=== Recorded data ===

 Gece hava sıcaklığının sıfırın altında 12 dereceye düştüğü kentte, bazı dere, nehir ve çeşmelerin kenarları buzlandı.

===
=== Recorded data ===

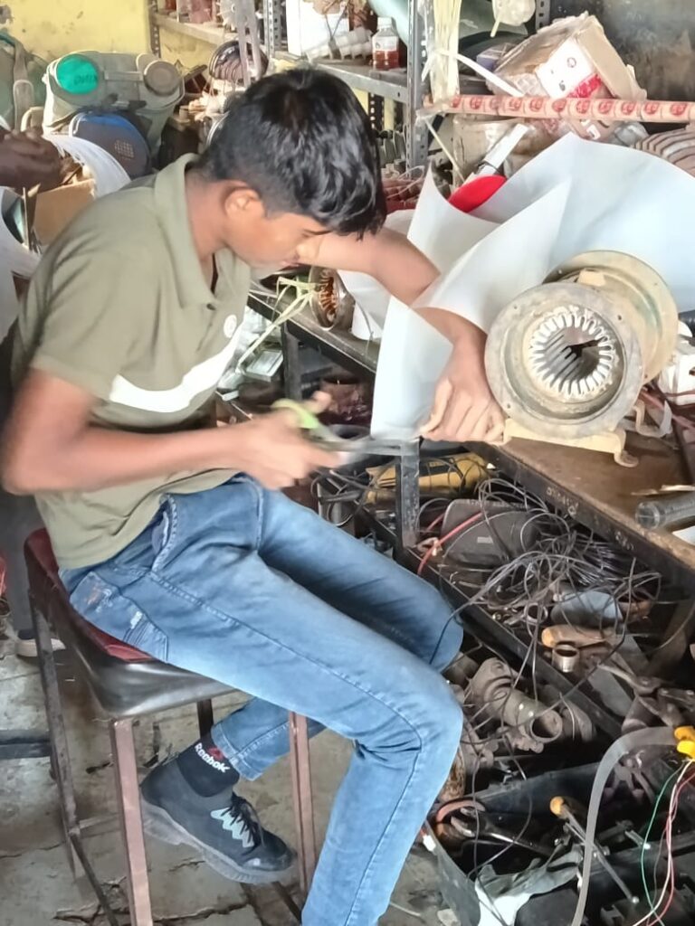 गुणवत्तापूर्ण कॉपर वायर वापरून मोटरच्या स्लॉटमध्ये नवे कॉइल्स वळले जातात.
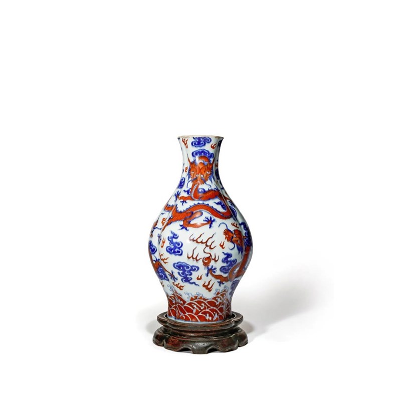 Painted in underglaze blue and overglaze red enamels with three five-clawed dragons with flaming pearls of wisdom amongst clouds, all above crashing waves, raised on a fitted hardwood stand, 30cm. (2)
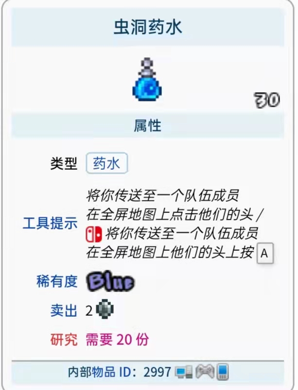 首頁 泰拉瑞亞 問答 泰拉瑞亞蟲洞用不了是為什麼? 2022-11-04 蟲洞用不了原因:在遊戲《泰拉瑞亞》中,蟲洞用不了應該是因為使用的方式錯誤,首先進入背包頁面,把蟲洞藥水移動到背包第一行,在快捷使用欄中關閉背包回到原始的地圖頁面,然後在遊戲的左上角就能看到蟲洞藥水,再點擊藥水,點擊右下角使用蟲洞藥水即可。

===

What you need to do - Using the data above, copy exactly the lines from the one containing "गुणवत्तापूर्ण कॉपर वायर" to the one containing "首頁 泰拉瑞亞 問答 泰拉瑞亞蟲洞用不了是為什麼?", inclusive. Exclude the pictures.

Completed exercise -
 गुणवत्तापूर्ण कॉपर वायर वापरून मोटरच्या स्लॉटमध्ये नवे कॉइल्स वळले जातात.
 Painted in underglaze blue and overglaze red enamels with three five-clawed dragons with flaming pearls of wisdom amongst clouds, all above crashing waves, raised on a fitted hardwood stand, 30cm. (2)
 首頁 泰拉瑞亞 問答 泰拉瑞亞蟲洞用不了是為什麼? 2022-11-04 蟲洞用不了原因:在遊戲《泰拉瑞亞》中,蟲洞用不了應該是因為使用的方式錯誤,首先進入背包頁面,把蟲洞藥水移動到背包第一行,在快捷使用欄中關閉背包回到原始的地圖頁面,然後在遊戲的左上角就能看到蟲洞藥水,再點擊藥水,點擊右下角使用蟲洞藥水即可。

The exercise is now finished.